Segurei mais firme a alça de minha bolsa e desci correndo as escadas,


peguei os lanches que havia separado no outro dia e guardei na mochila.
Tudo que não precisava ser guardado adequadamente ou resfriado, apenas
o necessário para 2 ou 3 dias de viagem. Se tivesse sorte, não iria ficar
tanto tempo na estrada.

~《○》~
Sentia que meu corpo estava sendo sacudido. Poderia ser apenas uma
impressão ou efeito do sono pesado que tinha adquirido ao entrar no
ônibus.

—Ei, menino, anda levanta! — A sacudida dessa vez veio com a voz de
uma mulher. — Não tenho o dia todo, acorde logo! — Sua voz já estava
beirando ao estado em que as pessoas consideram o assassinato.

Me mexi desconfortável em meu banco, abrindo aos poucos meus olhos,


me acostumando com a claridade que entrava pelo vidro ao meu lado.
Passei a mão pelos meus olhos, fazendo o máximo para deixá-los abertos.
Sentia que a mulher irritada à minha frente poderia me dar uma boa
bofetada se dormisse novamente na sua presença.

— Esse é o último ponto do ônibus, menino. Se não descer agora, vai


voltar ao Oregon! — Falou, dando meia volta, indo para a cabine do
motorista.

— Merda, puta merda! — No mesmo instante, meu sono desapareceu do


meu corpo. Me estiquei e peguei minha mochila e bolsa em um
compartimento em cima da minha poltrona. Assim que consegui,
verifiquei meu corpo, vendo os meus bolsos, tudo aqui!

— Muito obrigado por ter me avisado! — Disse, passando pela mulher que
tinha me acordado. Logo desci a pequena escada de dois degraus do ônibus
e me vi no sol escaldante do meio da manhã. Olhando meu relógio,
descobri ser nove horas.

A parte boa de ser abandonado no meio do nada pelo ônibus a duas horas
do seu destino final é que, pior que você está, você não fica. Bom, eu acho.
É a minha primeira vez sendo abandonado no meio da estrada também.

Eu não tinha um mapa, embora o folheto amassado que tinha tirado de


minha mochila não fosse tão diferente de um. A única diferença é que
mostrava os pontos turísticos que não me serviam para merda nenhuma no
momento.

Sem telefone, sem mapa, sem porra nenhuma! Olhando ao redor, percebi a
cagada que tinha feito. Não tem nada aqui.
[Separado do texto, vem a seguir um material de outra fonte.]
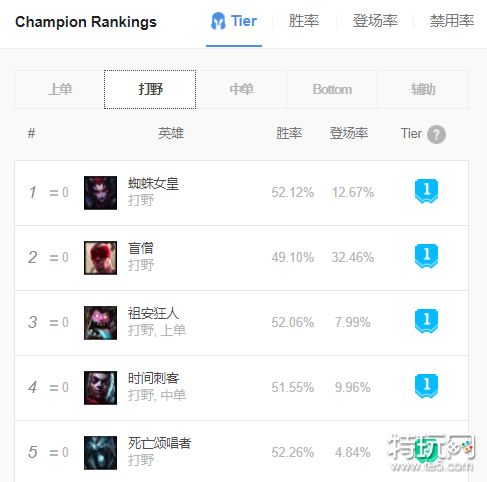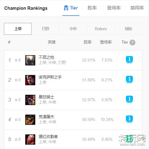 上单位置强势英雄较上个版本相比没有过大的变动,T1级别依旧是潘森、诺手、克烈、鳄鱼,吸血鬼也来到了第五位。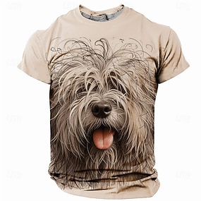 男性用 グラフィック 動物 犬 Tシャツ 半袖 Tシャツ 3Dプリント クルーネック シャツ 日常 デザイナー レトリ/ヴィンテージ スポーツ・アウトドア 祝日 お出かけ ブラック カーキ色 春夏 衣類 S M L XL 2XL 3XL 4XL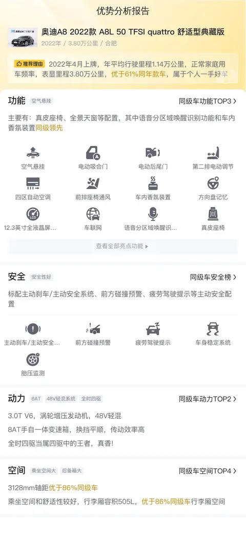 奥迪A8 2022款 A8L 50 TFSI quattro 舒适型典藏版是一款集豪华与性能于一身的旗舰级轿车,它在多个方面展现了显著的优势。首先,奥迪A8L搭载了3.0T涡轮增压V6发动机与48V轻混系统,这一动力组合不仅提供了出色的动力输出,还在燃油经济性方面表现出色,符合现代消费者对高性能与低能耗的双重需求。其次,奥迪A8L注重驾驶安全,配备了智能驾驶辅助系统,包括自适应巡航控制、车道保持辅助等功能,这些技术的应用有效提升了驾驶的安全性与舒适性,让驾驶者在享受驾驶乐趣的同时,也能感受到科技带来的安心。再次,奥迪A8L拥有较大的内部空间与505L的行李舱容积,这一设计不仅满足了商务人士的需求,也适合家庭使用,无论是长途旅行还是日常出行,都能提供足够的储物空间与舒适的乘坐环境。最后,奥迪A8L 50 TFSI quattro 舒适型典藏版还具备较高的保值率,这意味着即使在车辆使用一段时间后,其剩余价值仍然相对较高,这对于车主来说是一种长期的经济效益。综上所述,奥迪A8 2022款 A8L 50 TFSI quattro 舒适型典藏版在动力性能、驾驶安全、内部空间与保值能力等方面均展现出显著优势,是一款值得推荐的豪华轿车。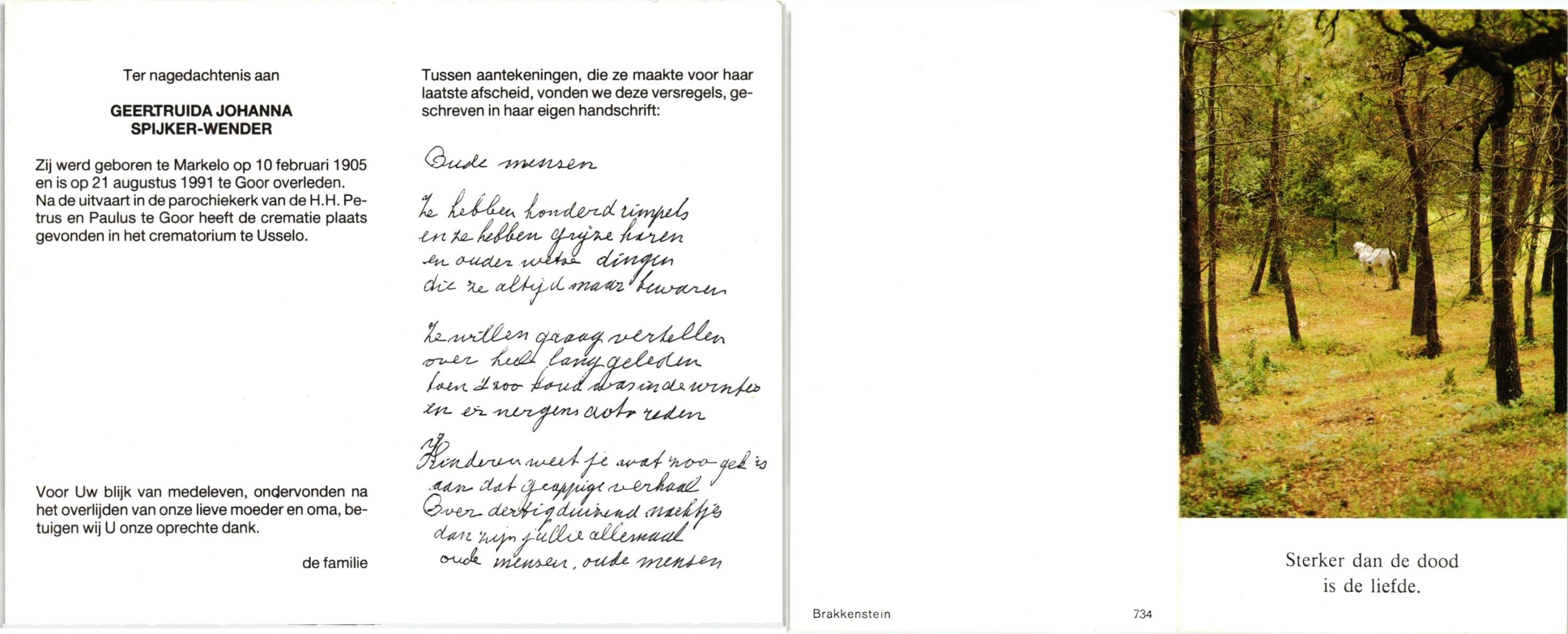 WENDER, , Geertruida Johanna, geboren op 10-2-1905 te Markelo, overleden op 21-8-1991 te Goor op 86-jarige leeftijd, gecremeerd te Usselo.

Olhava para um lado e era
apenas a estrada de terra batida. Olhei para o outro e a mesma coisa. Além
de cercas de arames que cercam mato e mais mato, nenhuma casa, sinal de
vida humana ou sequer animal.

— Pensa positivo, Embry, em algum momento alguém vai ter que passar
aqui. Não é o fim do mundo que estamos pensando! — Tentei me apegar
ao fato que na rodoviária o painel dizia que passaria outro ônibus como o
que peguei em duas horas.

A parte boa é que até lá vou ter morrido assado pelo sol do meio-dia que
logo se aproximava. Olhava de um lado pro outro da estrada. Se eu fosse
mais adiante, poderia me perder e consequentemente perderia o possível
ônibus. Não tinha porque ter medo de ficar onde estava. O único risco que
corria era a insolação. Não tinha nem sequer uma vaca pra correr atrás de
mim, quem dirá uma alma mal intencionada.

Meia hora depois e eu me encontro sentado no meio-fio comendo a minha


última barrinha de cereal.O que posso fazer, o estoque era grande, mas a
ansiedade e o sentimento de morte iminente me fizeram acabar com eles
um por um como um descontrolado.

— Vou morrer no meio do nada e ninguém vai saber. Pelo grande espírito,
sem sombra de dúvidas, Ateara, sua melhor ideia até agora! — Bati em
minha própria testa, zombando de minha própria estupidez.